Toward Quantification and Visualization of Active Stress Waves for Myocardial Biomechanical Function Assessment

Cristian Linte1, Suzanne Shontz2, Niels Otani1
1Rochester Institute of Technology, 2University of Kansas


Abstract

Background: Although electrophysiology may serve as a cardiac function surrogate, it does not provide a direct measure of the cardiac biomechanical function, such as contractility, or active stress. Hence, active stress quantification from tissue displacement data acquired using medical imaging is critical for assessing direct, cardiac biomechanical function.

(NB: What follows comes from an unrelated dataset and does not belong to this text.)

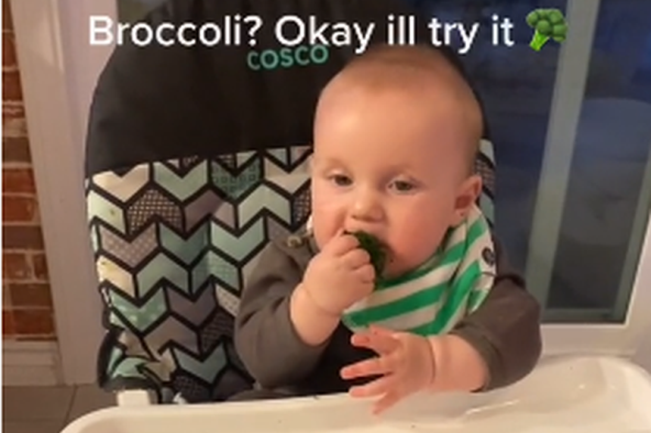Baby trying broccoli for the first time. #momsoftiktok#babyledweaning#badmomsoftiktok#babysfirst#ewbroccoli#funnybabies

Methods: We describe a framework to reconstruct active stresses from displacement data by solving the three-dimensional force-balance equation constrained by tissue incompressibility. To prove this concept, we implemented this method using a synthetic tissue sample of isotropic (100 x 100 x 100 nodes) resolution featuring a realistically defined fiber architecture that rotates smoothly about the vertical axis from apex to base, mimicking cardiac transverse isotropy. The solution to the forward problem yielded synthetic tissue deformation data in response to several prescribed active stress wave patterns. The displacement data was subsequently used as input into the inverse problem, which we solved using a low-order finite element method on the same transverse isotropic synthetic tissue geometry, and yielded the active stress wave.

Results: We conducted numerical experiments to evaluate the capability of the inverse model to reconstruct the active stress wave pattern under different conditions, including noise-free displacement, 15% uncertainty in fiber direction, 1% noise in displacement field, presence of limited active stress wave intensity regions mimicking infarcted myocardium, and tissue displacement noise coupled with sub-contractile regions. Our proposed method yielded error-free reconstruction of active stress in presence of no noise, yielded less than 10% active stress reconstruction error given uncertainty /noise in fiber direction or displacement data, and enabled clear identification of tissue regions featuring compromised contractility.

Conclusion: We described a method for reconstructing active stress wave patterns from displacement data and demonstrated the proposed framework enables sufficiently accurate quantification of the active stress waves and clear visualization of sub-contractile, malfunctioning tissue regions.